- Promotional poster
- Music: Alan Doyle Bob Foster
- Lyrics: Alan Doyle Bob Foster
- Book: Alan Doyle Adam Brazier Ed Riche
- Setting: Atlantic Canada
- Basis: The Grand Seduction by Ken Scott Michael Dowse
- Premiere: June 14, 2022: Confederation Centre of the Arts, Charlottetown

= Tell Tale Harbour =

2022 musical

Tell Tale Harbour is a musical comedy with music and lyrics by Alan Doyle and Bob Foster, and a book by Doyle, Adam Brazier, and Ed Riche. It is based on the 2013 Canadian comedy film The Grand Seduction by Ken Scott and Michael Dowse. The musical, like the film, follows a small town who work together to try to convince a visiting doctor to make their beloved harbour village his new home.

== Premise ==
The musical is set in the fictional town of Tell Tale Harbour, a small harbour community in Atlantic Canada. The community is struggling due to the closure of the fish factory. However, the community is being considered for a frozen french fry facility, if the residents can manage to hire a full-time resident doctor. Led by the mischievous Frank, the residents of Tell Tale Harbour try to work together to lie, cheat, and con a visiting doctor to live and practice in their community.

== Production history ==
In November 2021, it was announced that Alan Doyle would star in Tell Tale Harbour, which he had co-created with Adam Brazier and Ed Riche.

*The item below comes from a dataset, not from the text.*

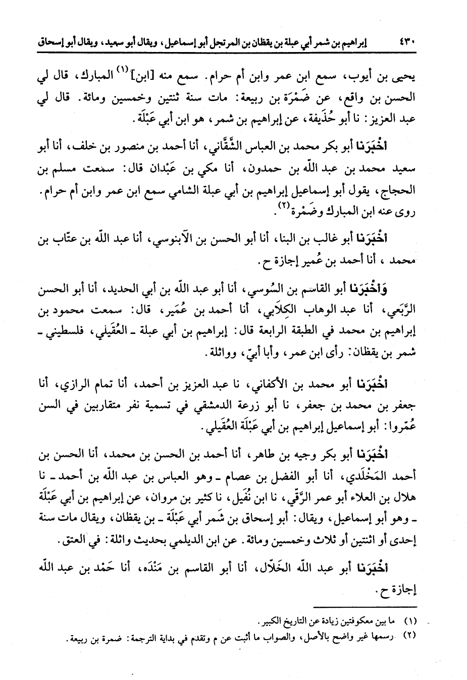 يحيى بن أيوب سمع ابن عمر وابن أم حرام سمع منه ابن (1) المبارك قال لي الحسن بن واقع عن ضمرة بن ربيعة مات سنة ثنتين وخمسين ومائة قال لي عبد العزيز نا أبو حذيفة عن إبراهيم بن شمر هو ابن أبي عبلة أخبرنا أبو بكر محمد بن العباس الشقاني أنا أحمد بن منصور بن خلف أنا أبو سعيد محمد بن عبد الله بن حمدون أنا مكي بن عبدان قال سمعت مسلم بن الحجاج يقول أبو إسماعيل إبراهيم بن أبي عبلة الشامي سمع ابن عمر وابن أم حرام روى عنه ابن المبارك وضمرة (2) أخبرنا أبو غالب بن البنا أنا أبو الحسن بن الآبنوسي أنا عبد الله بن عتاب بن محمد أنا أحمد بن عمير إجازة * * * *] وأخبرنا أبو القاسم بن السوسي أنا أبو عبد الله بن أبي الحديد أنا أبو الحسن الربعي أنا عبد الوهاب الكلابي أنا أحمد بن عمير قال سمعت محمود بن إبراهيم بن محمد في الطبقة الرابعة قال إبراهيم بن أبي عبلة العقيلي فلسطيني شمربن يقظان رأى ابن عمر وأبا أبي وواثلة أخبرنا أبو محمد بن الأكفاني نا عبد العزيز بن أحمد أنا تمام الرازي أنا جعفر بن محمد بن جعفر نا أبو زرعة الدمشقي في تسمية نفر متقاربين في السن عمروا أبو إسماعيل إبراهيم بن أبي عبلة العقيلي أخبرنا أبو بكر وجيه بن طاهر أنا أحمد بن الحسن بن محمد أنا الحسن بن أحمد المخلدي أنا أبو الفضل بن عصام وهو العباس بن عبد الله بن أحمد نا هلال بن العلاء أبو عمر الرقي نا ابن نفيل نا كثير بن مروان عن إبراهيم بن أبي عبلة وهو أبو إسماعيل ويقال أبو إسحاق بن شمر أبي عبلة بن يقظان ويقال مات سنة إحدى أو اثنتين أو ثلاث وخمسين ومائة عن ابن الديلمي بحديث واثلة في العتق أخبرنا أبو عبد الله الخلال أنا أبو القاسم بن منده أنا حمد بن عبد الله إجازة ح

Tell Tale Harbour premiered at the Charlottetown Festival in 2022. It played between June 14 and September 24, 2022, and performed to sell-out audiences. The production set a record for ticket sales at the Confederation Centre of the Arts, becoming the top selling show in the festival's history. The production was directed by Jillian Keiley and choreographed by Linda Garneau.

Following the original production, David and Hannah Mirvish encouraged the show's creative team to expand and refine the musical. The reworked musical, which includes new songs, returned to the Charlottetown Festival with direction by Brian Hill and choreography by Robin Calvert. It ran between June 14 and August 29, 2025. Following this run, the musical transferred to Toronto, where it played at the Royal Alexandra Theatre between September 23 and November 2, 2025.

== Cast and characters ==

| Role | Charlottetown | Charlottetown/Toronto |
| 2022 | 2025 |
| Frank | Alan Doyle |  |
| Kathleen | Michelle Bardach | Melissa MacKenzie |
| Dr. Chris | Jahlen Barnes | Kale Penny |
| Yvon | Laurie Murdoch |  |
| Vera | Charlotte Moore | Susan Henley |
| Barbara | Alison Woolridge |  |
| Henry | Jacob MacInnis | Daniel Williston |
| Gus | Cameron MacDuffee | Joel Cumber |
| Gina | Marlane O'Brien | Gabrielle Jones |
| Louise | Alana Hibbert | Karen Burthwright |
| Marie | Marquita Walsh | AP Bautista |
| Gord / Chip | Stephen Guy-McGrath |  |

== Cast recording ==
A cast recording featuring the cast of the original 2022 production was released.